The total pressure drop at the wellbore caused by all of the flowrate changes is (Pi - Pwf )= P1 + P2 + P3

4.4

Simulating Boundary Effects (Image Wells)

One of the intriguing possibilities of the application of the principle of superposition to reservoir flow is in simulating reservoir boundaries. It is clear that when a well in a reservoir starts production, there will be a period where the flow regime is unsteady state while the reservoir fluid reacts to the pressure perturbation as if the volume of the reservoir was infinite (i.e. an infinite acting reservoir). Once the boundaries are detected, there is a definite limit to the volume of fluid available and the pressure response changes to match that of, for example, semi steady state or steady state flow. This assumes that the pressure perturbation reaches the areal boundary at the same time, i.e. if the well was in the centre of a circular reservoir, the pressure perturbation would reach the external radius at all points around the circumference at the same time (assuming homogeneous conditions).

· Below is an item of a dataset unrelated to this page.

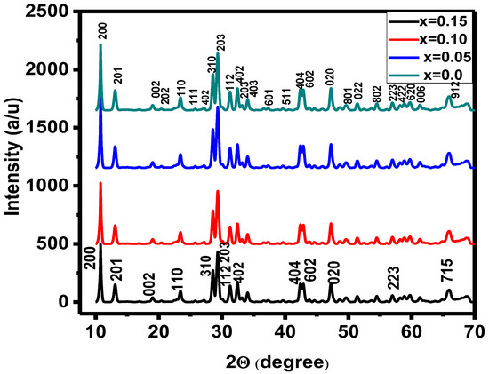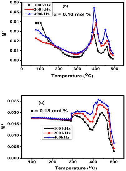 Figure 7. It was shown that M′ decreased with temperature up to a certain temperature, and then it increased again with temperature, resulting in peaks at different temperatures. The values of M′ at 400 kHz for all doped samples were higher in almost the entire temperature range. In the higher temperature range, we observed one peak of M′ for the x = 0.05- and 0.15-doped samples, and double peaks were observed for the x = 0.10-doped samples. As shown in the dielectric plot in

If the well was not at the centre then some parts of the boundary would be detected before all of the boundary was detected. This means that some of the reservoir fluid is still in unsteady flow whilst other parts are changing to a different flow regime. This would appear to render the use of the line source solution invalid, however, the effect of the nearest boundary in an otherwise infinite acting reservoir has the same effect as the interaction of the pressure perturbations of two wells next to each other in an infinite acting reservoir. Therefore if an imaginary well is placed at a distance from the real well equal to twice the distance to the boundary, and the flowrate histories are identical, then the principle of superposition can be used to couple the effect of the imaginary well to the real well in order to calculate the real well’s bottomhole flowing pressure. Figure 13 illustrates the problem and the effect of superposition. Figure 14 shows a simplification of the model.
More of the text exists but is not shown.